**WHAT IS BEING ASKED**
Give back the lines below exactly, but do not include any pictures.

**RECORDED INFORMATION**

============

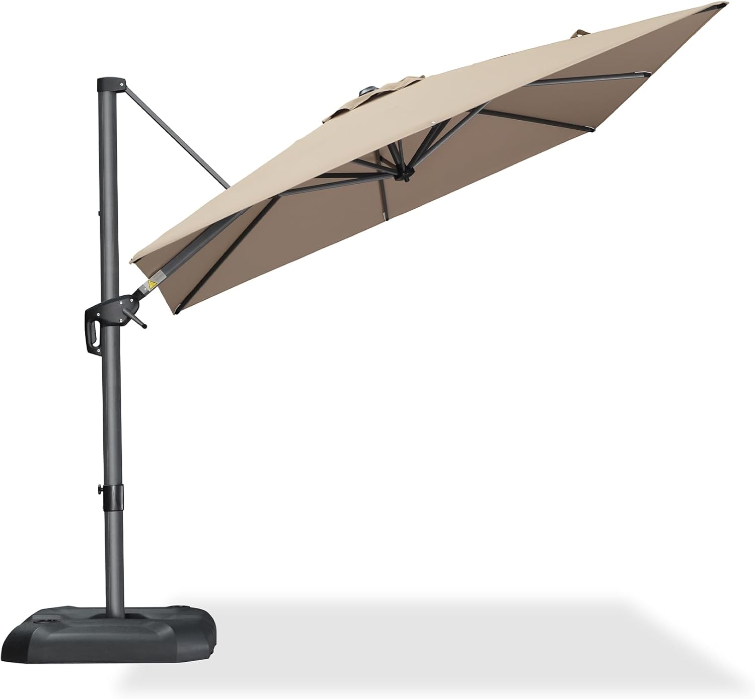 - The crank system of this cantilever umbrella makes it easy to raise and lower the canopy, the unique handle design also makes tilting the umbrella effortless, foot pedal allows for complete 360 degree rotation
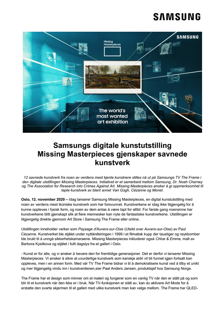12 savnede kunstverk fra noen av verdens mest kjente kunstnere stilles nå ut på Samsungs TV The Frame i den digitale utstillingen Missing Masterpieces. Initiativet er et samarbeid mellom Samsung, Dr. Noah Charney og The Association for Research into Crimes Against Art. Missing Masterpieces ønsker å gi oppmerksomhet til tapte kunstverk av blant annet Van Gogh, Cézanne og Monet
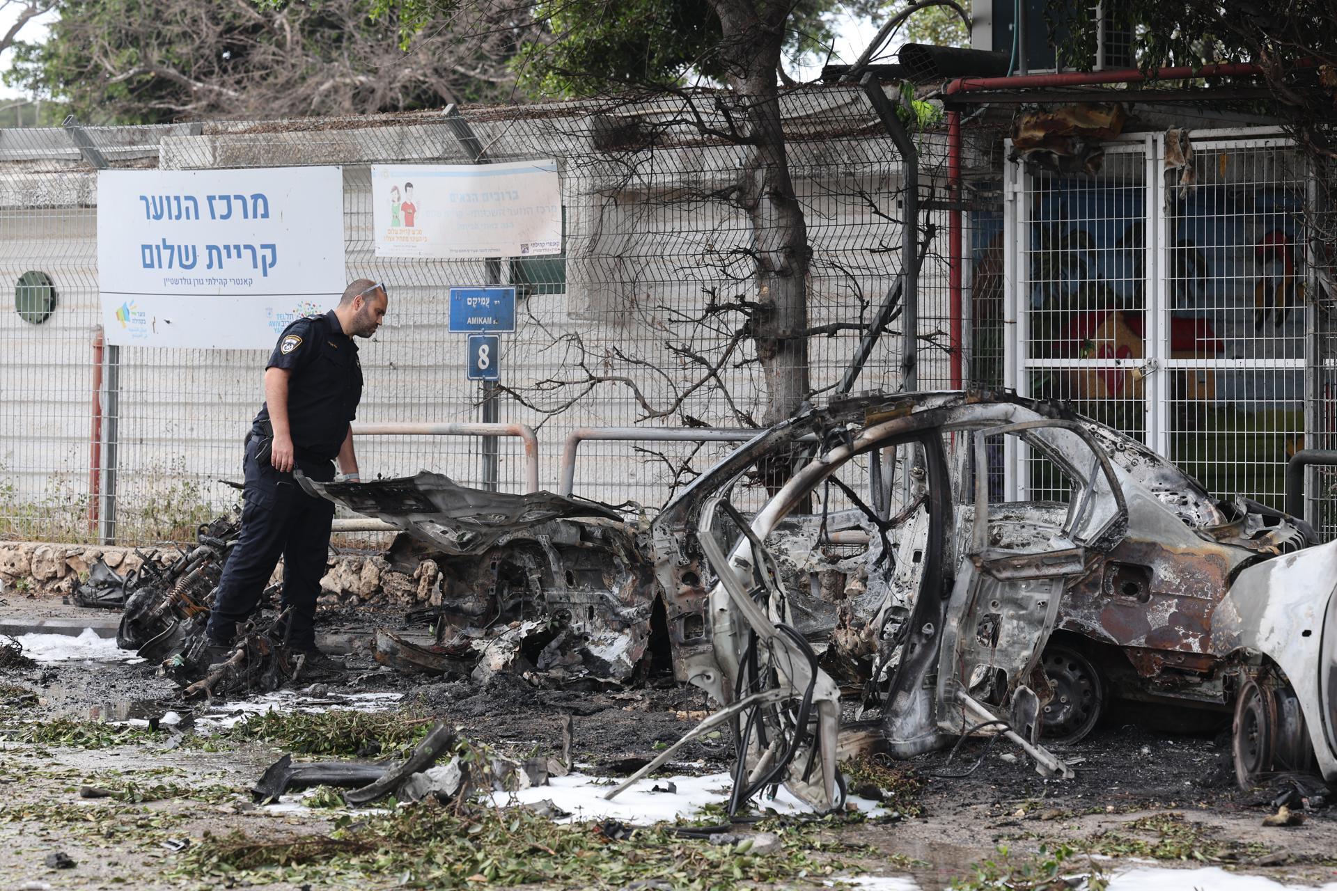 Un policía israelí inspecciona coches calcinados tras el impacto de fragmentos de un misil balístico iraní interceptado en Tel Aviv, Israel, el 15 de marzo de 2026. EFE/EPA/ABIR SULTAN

============

**REPLY**
 - The crank system of this cantilever umbrella makes it easy to raise and lower the canopy, the unique handle design also makes tilting the umbrella effortless, foot pedal allows for complete 360 degree rotation
12 savnede kunstverk fra noen av verdens mest kjente kunstnere stilles nå ut på Samsungs TV The Frame i den digitale utstillingen Missing Masterpieces. Initiativet er et samarbeid mellom Samsung, Dr. Noah Charney og The Association for Research into Crimes Against Art. Missing Masterpieces ønsker å gi oppmerksomhet til tapte kunstverk av blant annet Van Gogh, Cézanne og Monet
 Un policía israelí inspecciona coches calcinados tras el impacto de fragmentos de un misil balístico iraní interceptado en Tel Aviv, Israel, el 15 de marzo de 2026. EFE/EPA/ABIR SULTAN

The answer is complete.